[[ INFORMATION, beginning ]]
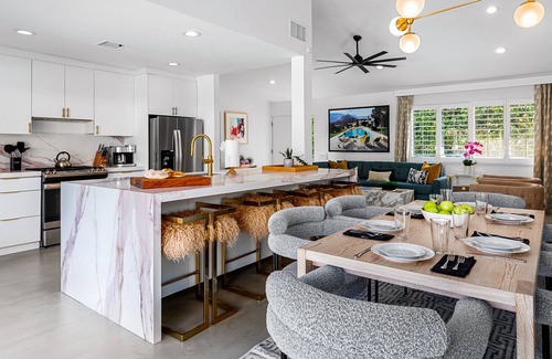 Alluring Palms boasts a stunning interior and a playful vibe. The living room provides a cozy wrap-around couch and seating area with a large wall-mounted TV. The dining/kitchen area is spacious and chic with a large island, striking marble-style counters, and a counter-height sitting area to complement the comfortable dining table for six. A full range of stainless appliances, a coffee maker, dishwasher, gas stove, and oven will make cooking for a group easy.
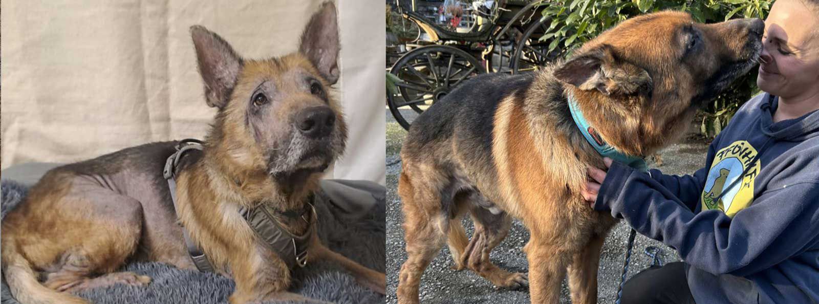 Braunau, 1.4.2025 – Der Fall des Schäferhunds Enzo, der seinem Halter in Braunau behördlich abgenommen wurde, hat die Gemüter erhitzt. Zu Recht, denn der leidgeplagte Rüde im besten Alter hatte wegen stark juckender Räude kaum mehr Fell sowie schmerzhafte Arthrosen und war stark abgemagert. Trotzdem hat ihn sein Halter nicht einmal nach behördlicher Aufforderung zum Tierarzt gebracht. Auf dem Tierschutzhof Pfotenhilfe wurde Enzo in den letzten Monaten unter tierärztlicher Anleitung gesundgepflegt. Zur Vorgeschichte.
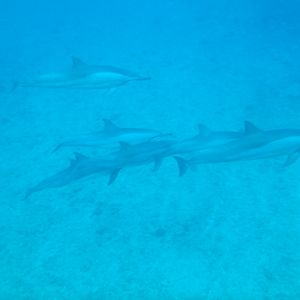We were very lucky that day, encountering pods of dolphins multiple times. When we entered the water at the second point, it felt like we were surrounded by dolphins. While I was swimming away from my husband (with no one else nearby), a dolphin swam right in front of me, and our eyes met... I was so overwhelmed with joy that I shouted, "Yay!" As it swam by, about four dolphins swam together towards the ocean floor, and even now, it feels like a dream.
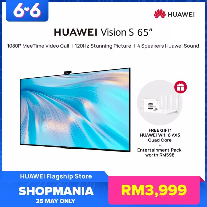 ▼ HUAWEI Vision S 65″ Smart TV —— 只需RM3999
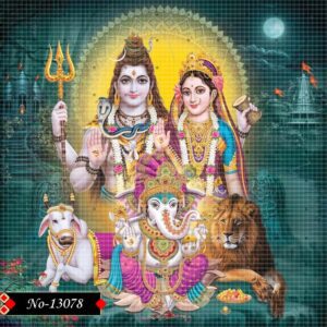 This divine image of Lord Shiva, Goddess Parvati, Lord Ganesha, and Lord Kartikeya radiates an eternal light of holiness and grace. Their shining ornaments and splendid attire reflect purity, love, and sacred harmony. Lord Shiva’s calm presence brings peace, while Parvati’s nurturing aura adds warmth and compassion. Together with Ganesha’s blessings of wisdom this sacred vision becomes a complete symbol of strength, devotion, and spiritual bliss.
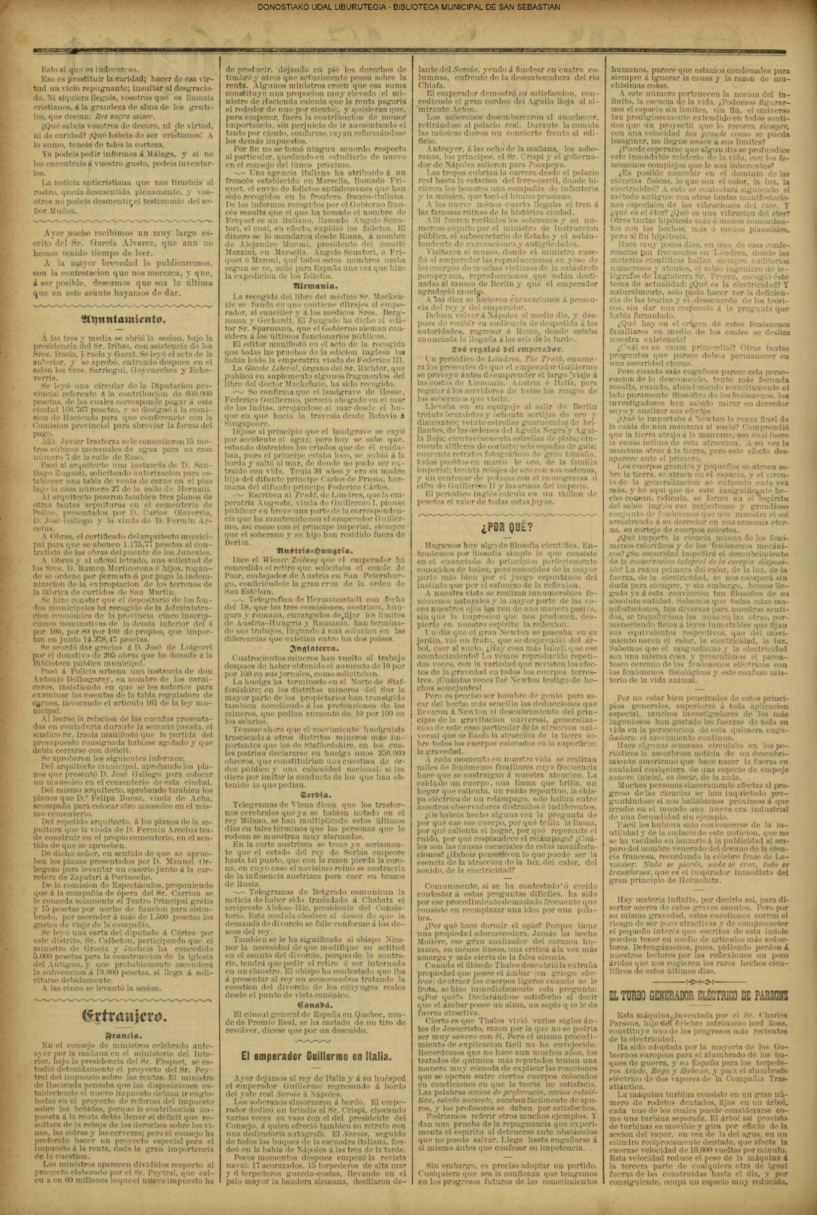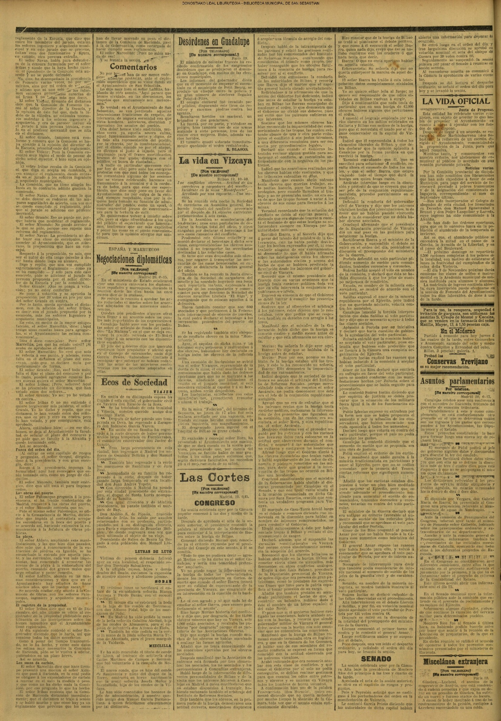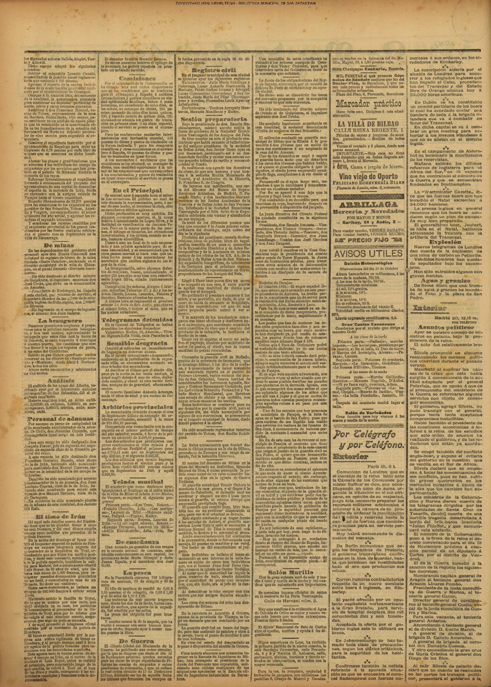 | (*).- Ignacio Mª Echaniz expone que se ha levantado el secuestro de su casa nº.13, calle de Esterlines, y necesitando el almacén para depositar el cargamento de un Buque que espera, pide al Ayuntamiento gestione para que se le entregue enseguida también los pisos de la Casa, todo ocupado por las tropas aliadas británicas. El Ayuntamiento acuerda se pase oficio al Jefe que corresponda. ----------------------------- (*).- Habiéndose desocupado el 3º. y 4º. pisos del Parador Real ----------------------------- (*).- El Sr. Arambarri, comisionado por este distrito ----------------------------- (*).- Observando el Ayuntamiento que los celadores de la Puerta de Tierra, Joaquín Dublé y José Zubiaurre no cuidan con el celo debido la prohibición de permitir la entrada al pueblo de los carros del país de llanta estrecha : acuerda se les exija la multa de diez reales por mitad y que hagan en adelante cumplir con más esmero lo resuelto. (FUENTE: "Anales de la Primera Guerra Carlista en San Sebastián. FERMIN MUÑOZ ECHABEGUREN) |
[[ INFORMATION, end ]]
§ **HOW TO COMPLETE THIS TASK**: Without the pictures, transcribe the lines from the one containing "We were very" through the end of the data, exactly and only those.

§ **SOLUTION**:
We were very lucky that day, encountering pods of dolphins multiple times. When we entered the water at the second point, it felt like we were surrounded by dolphins. While I was swimming away from my husband (with no one else nearby), a dolphin swam right in front of me, and our eyes met... I was so overwhelmed with joy that I shouted, "Yay!" As it swam by, about four dolphins swam together towards the ocean floor, and even now, it feels like a dream.
 ▼ HUAWEI Vision S 65″ Smart TV —— 只需RM3999
 This divine image of Lord Shiva, Goddess Parvati, Lord Ganesha, and Lord Kartikeya radiates an eternal light of holiness and grace. Their shining ornaments and splendid attire reflect purity, love, and sacred harmony. Lord Shiva’s calm presence brings peace, while Parvati’s nurturing aura adds warmth and compassion. Together with Ganesha’s blessings of wisdom this sacred vision becomes a complete symbol of strength, devotion, and spiritual bliss.
 | (*).- Ignacio Mª Echaniz expone que se ha levantado el secuestro de su casa nº.13, calle de Esterlines, y necesitando el almacén para depositar el cargamento de un Buque que espera, pide al Ayuntamiento gestione para que se le entregue enseguida también los pisos de la Casa, todo ocupado por las tropas aliadas británicas. El Ayuntamiento acuerda se pase oficio al Jefe que corresponda. ----------------------------- (*).- Habiéndose desocupado el 3º. y 4º. pisos del Parador Real ----------------------------- (*).- El Sr. Arambarri, comisionado por este distrito ----------------------------- (*).- Observando el Ayuntamiento que los celadores de la Puerta de Tierra, Joaquín Dublé y José Zubiaurre no cuidan con el celo debido la prohibición de permitir la entrada al pueblo de los carros del país de llanta estrecha : acuerda se les exija la multa de diez reales por mitad y que hagan en adelante cumplir con más esmero lo resuelto. (FUENTE: "Anales de la Primera Guerra Carlista en San Sebastián. FERMIN MUÑOZ ECHABEGUREN) |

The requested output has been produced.